__The data__
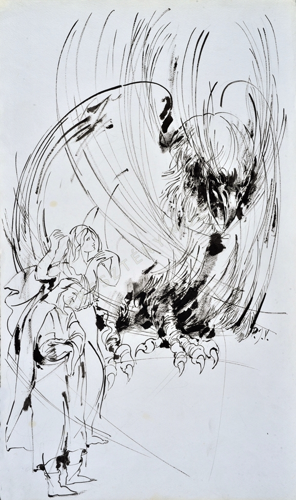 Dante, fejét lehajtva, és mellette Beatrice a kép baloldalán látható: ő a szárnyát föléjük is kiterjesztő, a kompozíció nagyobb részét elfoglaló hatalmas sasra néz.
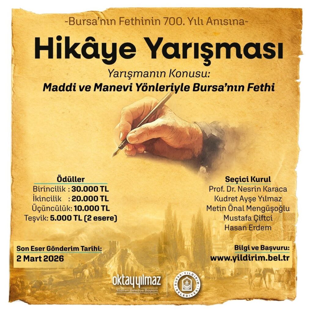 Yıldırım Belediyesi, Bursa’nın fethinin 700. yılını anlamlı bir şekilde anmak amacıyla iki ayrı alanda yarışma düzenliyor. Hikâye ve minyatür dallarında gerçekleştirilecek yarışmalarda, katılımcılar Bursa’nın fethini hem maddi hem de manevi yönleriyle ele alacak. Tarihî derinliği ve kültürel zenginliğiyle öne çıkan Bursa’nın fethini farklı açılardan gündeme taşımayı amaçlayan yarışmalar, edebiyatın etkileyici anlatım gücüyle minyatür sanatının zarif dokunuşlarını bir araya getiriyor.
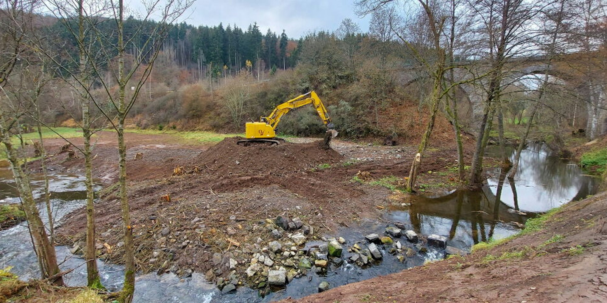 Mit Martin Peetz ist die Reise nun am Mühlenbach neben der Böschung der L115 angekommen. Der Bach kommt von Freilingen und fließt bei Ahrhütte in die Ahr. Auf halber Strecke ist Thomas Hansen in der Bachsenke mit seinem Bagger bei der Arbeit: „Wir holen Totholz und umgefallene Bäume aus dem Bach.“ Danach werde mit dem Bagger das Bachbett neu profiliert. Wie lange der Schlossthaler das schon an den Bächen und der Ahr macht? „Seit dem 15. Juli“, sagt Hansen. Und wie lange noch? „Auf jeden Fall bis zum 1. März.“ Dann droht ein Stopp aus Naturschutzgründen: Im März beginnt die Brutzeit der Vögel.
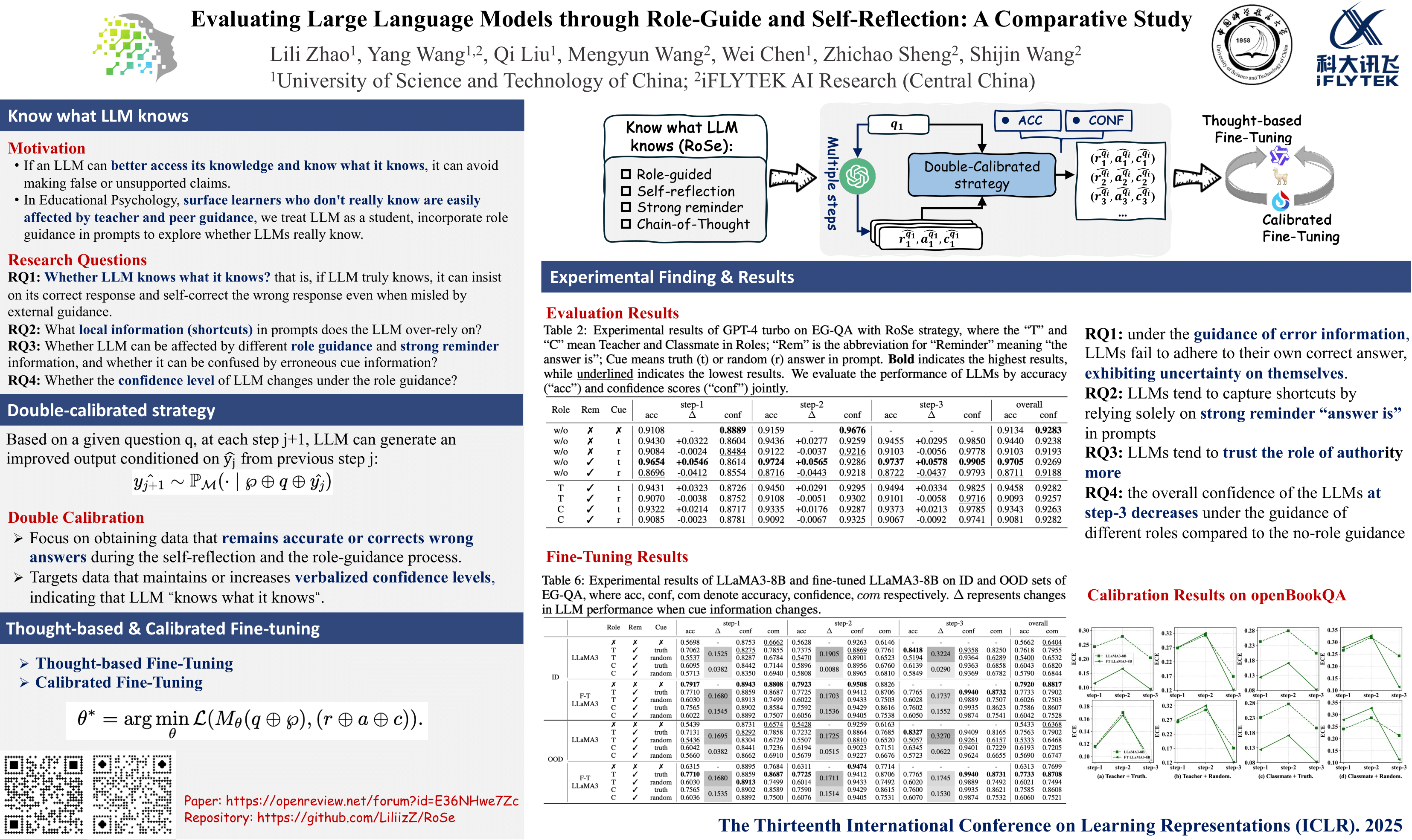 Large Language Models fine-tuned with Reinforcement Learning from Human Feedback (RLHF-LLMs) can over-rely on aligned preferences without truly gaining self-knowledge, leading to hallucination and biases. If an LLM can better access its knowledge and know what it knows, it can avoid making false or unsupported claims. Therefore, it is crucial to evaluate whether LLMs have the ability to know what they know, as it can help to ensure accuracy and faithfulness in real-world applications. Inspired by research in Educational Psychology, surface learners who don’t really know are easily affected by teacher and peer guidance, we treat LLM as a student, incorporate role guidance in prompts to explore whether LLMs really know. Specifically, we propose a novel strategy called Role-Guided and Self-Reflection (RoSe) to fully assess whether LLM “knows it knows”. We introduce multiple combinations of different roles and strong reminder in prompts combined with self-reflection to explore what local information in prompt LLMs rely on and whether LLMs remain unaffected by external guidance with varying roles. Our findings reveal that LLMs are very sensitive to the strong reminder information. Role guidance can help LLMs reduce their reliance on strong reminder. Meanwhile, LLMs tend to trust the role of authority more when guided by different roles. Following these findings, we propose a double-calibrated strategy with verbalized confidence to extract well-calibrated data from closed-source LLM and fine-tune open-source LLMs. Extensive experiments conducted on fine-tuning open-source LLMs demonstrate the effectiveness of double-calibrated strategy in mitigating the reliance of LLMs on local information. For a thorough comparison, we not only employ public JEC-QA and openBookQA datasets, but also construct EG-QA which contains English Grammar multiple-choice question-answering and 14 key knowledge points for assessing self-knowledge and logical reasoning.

__Activity__
Leaving the pictures out, output all of the listing exactly.

__Answer space__
 Dante, fejét lehajtva, és mellette Beatrice a kép baloldalán látható: ő a szárnyát föléjük is kiterjesztő, a kompozíció nagyobb részét elfoglaló hatalmas sasra néz.
 Yıldırım Belediyesi, Bursa’nın fethinin 700. yılını anlamlı bir şekilde anmak amacıyla iki ayrı alanda yarışma düzenliyor. Hikâye ve minyatür dallarında gerçekleştirilecek yarışmalarda, katılımcılar Bursa’nın fethini hem maddi hem de manevi yönleriyle ele alacak. Tarihî derinliği ve kültürel zenginliğiyle öne çıkan Bursa’nın fethini farklı açılardan gündeme taşımayı amaçlayan yarışmalar, edebiyatın etkileyici anlatım gücüyle minyatür sanatının zarif dokunuşlarını bir araya getiriyor.
 Mit Martin Peetz ist die Reise nun am Mühlenbach neben der Böschung der L115 angekommen. Der Bach kommt von Freilingen und fließt bei Ahrhütte in die Ahr. Auf halber Strecke ist Thomas Hansen in der Bachsenke mit seinem Bagger bei der Arbeit: „Wir holen Totholz und umgefallene Bäume aus dem Bach.“ Danach werde mit dem Bagger das Bachbett neu profiliert. Wie lange der Schlossthaler das schon an den Bächen und der Ahr macht? „Seit dem 15. Juli“, sagt Hansen. Und wie lange noch? „Auf jeden Fall bis zum 1. März.“ Dann droht ein Stopp aus Naturschutzgründen: Im März beginnt die Brutzeit der Vögel.
 Large Language Models fine-tuned with Reinforcement Learning from Human Feedback (RLHF-LLMs) can over-rely on aligned preferences without truly gaining self-knowledge, leading to hallucination and biases. If an LLM can better access its knowledge and know what it knows, it can avoid making false or unsupported claims. Therefore, it is crucial to evaluate whether LLMs have the ability to know what they know, as it can help to ensure accuracy and faithfulness in real-world applications. Inspired by research in Educational Psychology, surface learners who don’t really know are easily affected by teacher and peer guidance, we treat LLM as a student, incorporate role guidance in prompts to explore whether LLMs really know. Specifically, we propose a novel strategy called Role-Guided and Self-Reflection (RoSe) to fully assess whether LLM “knows it knows”. We introduce multiple combinations of different roles and strong reminder in prompts combined with self-reflection to explore what local information in prompt LLMs rely on and whether LLMs remain unaffected by external guidance with varying roles. Our findings reveal that LLMs are very sensitive to the strong reminder information. Role guidance can help LLMs reduce their reliance on strong reminder. Meanwhile, LLMs tend to trust the role of authority more when guided by different roles. Following these findings, we propose a double-calibrated strategy with verbalized confidence to extract well-calibrated data from closed-source LLM and fine-tune open-source LLMs. Extensive experiments conducted on fine-tuning open-source LLMs demonstrate the effectiveness of double-calibrated strategy in mitigating the reliance of LLMs on local information. For a thorough comparison, we not only employ public JEC-QA and openBookQA datasets, but also construct EG-QA which contains English Grammar multiple-choice question-answering and 14 key knowledge points for assessing self-knowledge and logical reasoning.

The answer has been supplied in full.